-- Exercise --
Would you repeat the entries below word for word and omit the pictures?

(Saved data entries)

━━━━━━━━━━

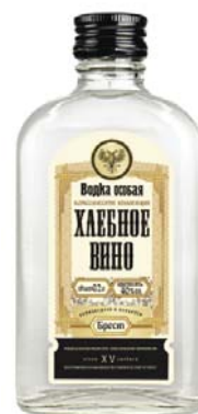
SPECIAL VODKA "CLASSIC COLLECTION. BREAD WINE"
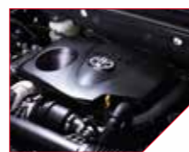
2L TURBOCHARGED ENGINE
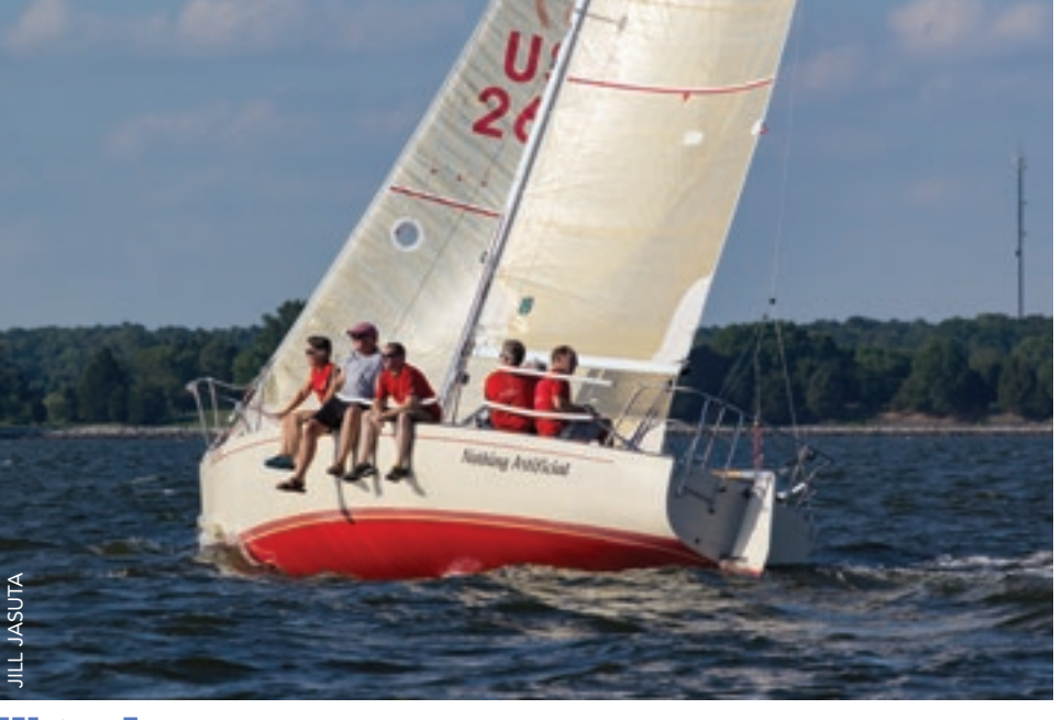
Water Access: Cambridge is a paradise for recreational boaters, anglers, and competitors. Our deep harbor marina provides immediate access to the Choptank River and Chesapeake Bay.
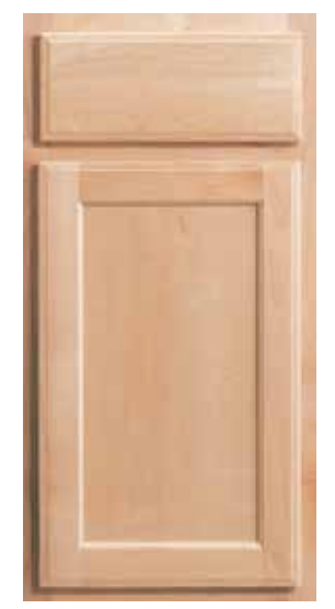
\textbf{SKYLAR} \; (\text{M,O,C})
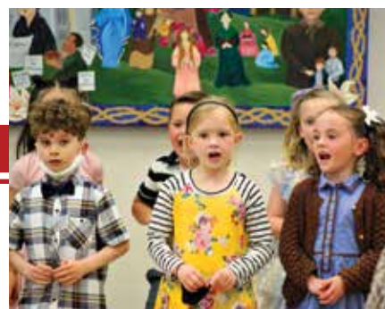
Kindergarten End-of-Year Program
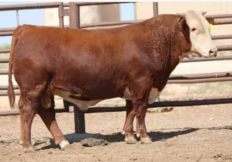
Lot 4 — PCC 5036 66589 MANDATE 9194 ET
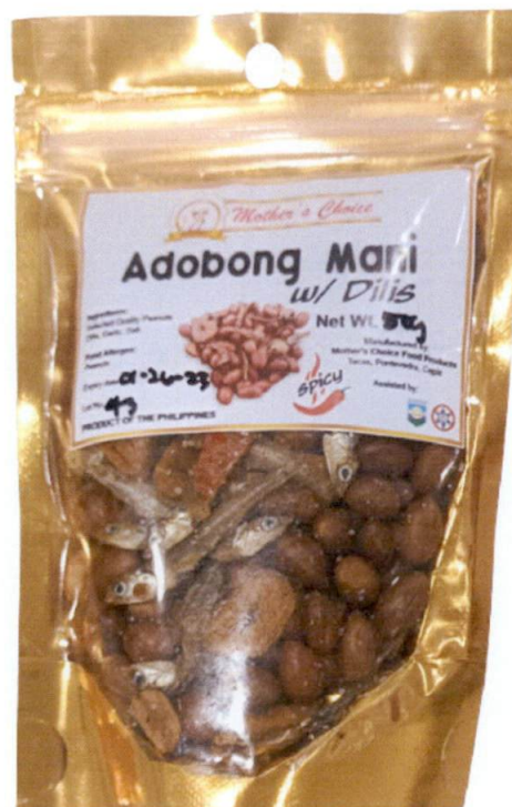
Figure 1. Unregistered MOTHER'S CHOICE Adobong Mani w/ Dilis Spicy

The Food and Drug Administration (FDA) warns all healthcare professionals and the general public NOT TO PURCHASE AND CONSUME the unregistered food product:
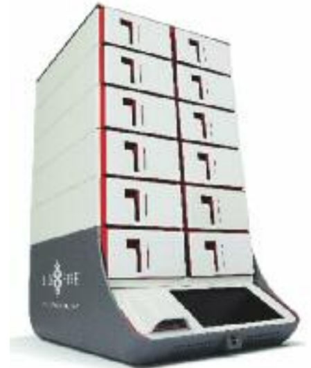
The BIOFIRE from bioMérieux , a rapid syndromic multiplex PCR system.

method for AST of colistin. The Merlin BMD Colistin strip is already in use in many UK laboratories.
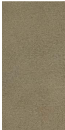
stage 3 (yellow)
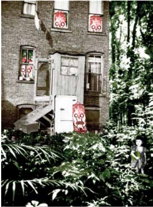
Shield House 11 x 14 inches polyester litho
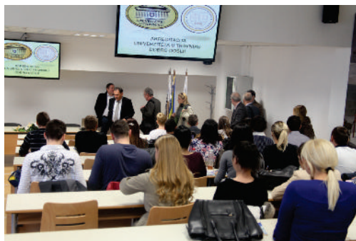
Expert Panel visited Faculty of Law
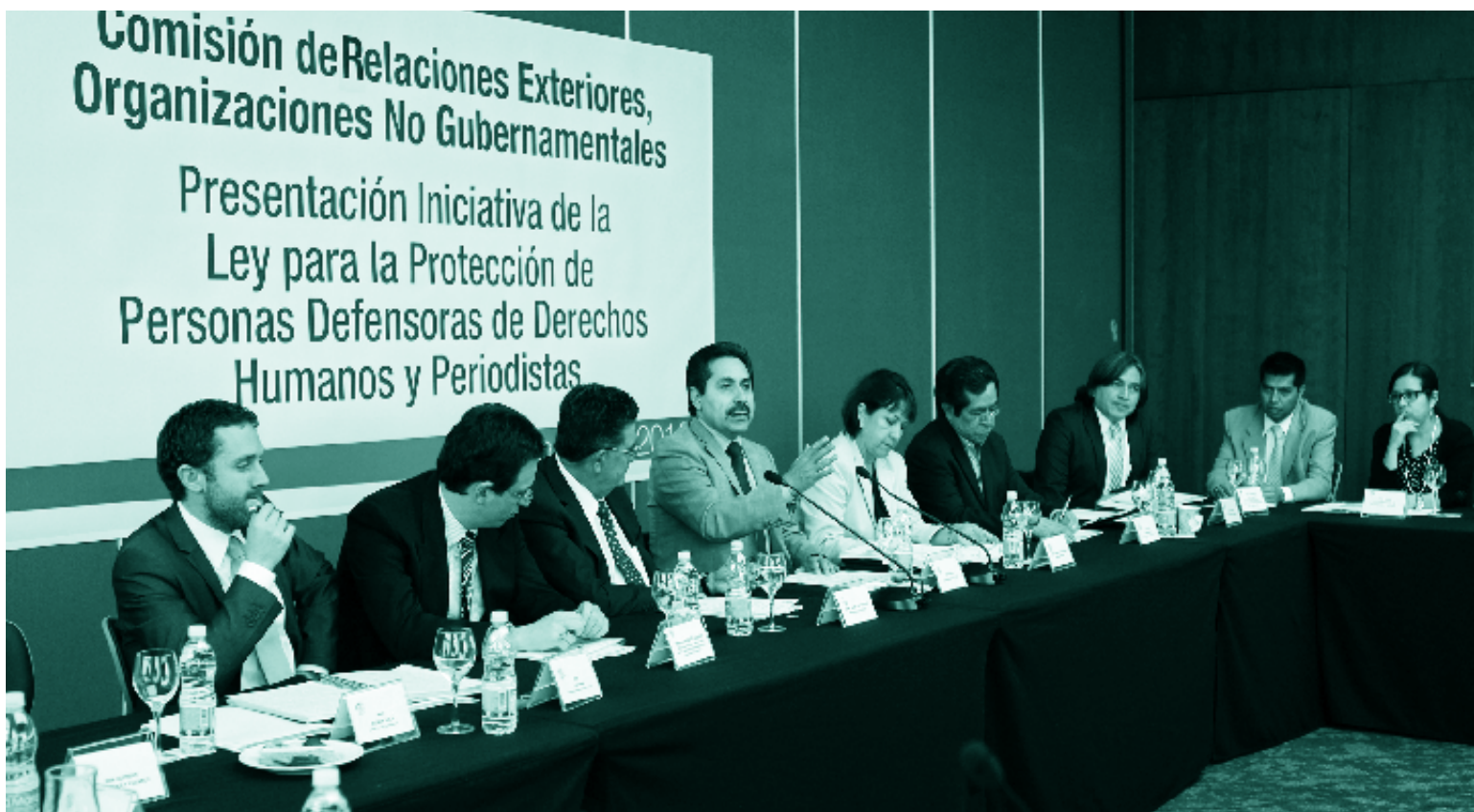
Presentation of the Bill for the Protection of Human Rights Defenders and Journalists
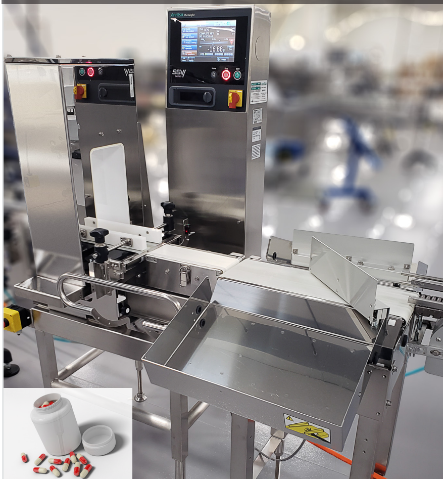
Example installation with vertical metal detector and dual flipper reject
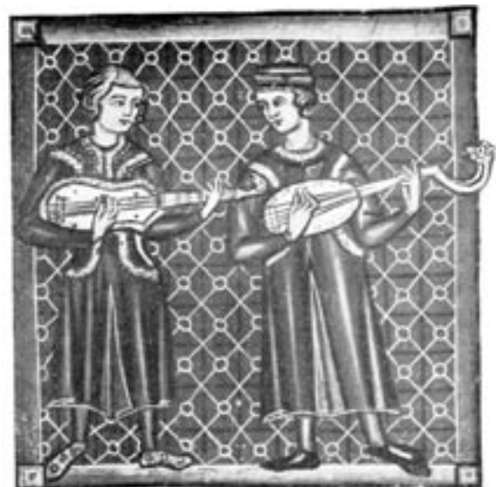
above: Two musicians with guitarras moresca right: Two musicians with guitarras latina or perhaps citoles Both illustrations from the Cantigas de Santa Maria

━━━━━━━━━━

-- Answer for the task --
SPECIAL VODKA "CLASSIC COLLECTION. BREAD WINE"
2L TURBOCHARGED ENGINE
Water Access: Cambridge is a paradise for recreational boaters, anglers, and competitors. Our deep harbor marina provides immediate access to the Choptank River and Chesapeake Bay.
\textbf{SKYLAR} \; (\text{M,O,C})
Kindergarten End-of-Year Program
Lot 4 — PCC 5036 66589 MANDATE 9194 ET
Figure 1. Unregistered MOTHER'S CHOICE Adobong Mani w/ Dilis Spicy

The Food and Drug Administration (FDA) warns all healthcare professionals and the general public NOT TO PURCHASE AND CONSUME the unregistered food product:
The BIOFIRE from bioMérieux , a rapid syndromic multiplex PCR system.

method for AST of colistin. The Merlin BMD Colistin strip is already in use in many UK laboratories.
stage 3 (yellow)
Shield House 11 x 14 inches polyester litho
Expert Panel visited Faculty of Law
Presentation of the Bill for the Protection of Human Rights Defenders and Journalists
Example installation with vertical metal detector and dual flipper reject
above: Two musicians with guitarras moresca right: Two musicians with guitarras latina or perhaps citoles Both illustrations from the Cantigas de Santa Maria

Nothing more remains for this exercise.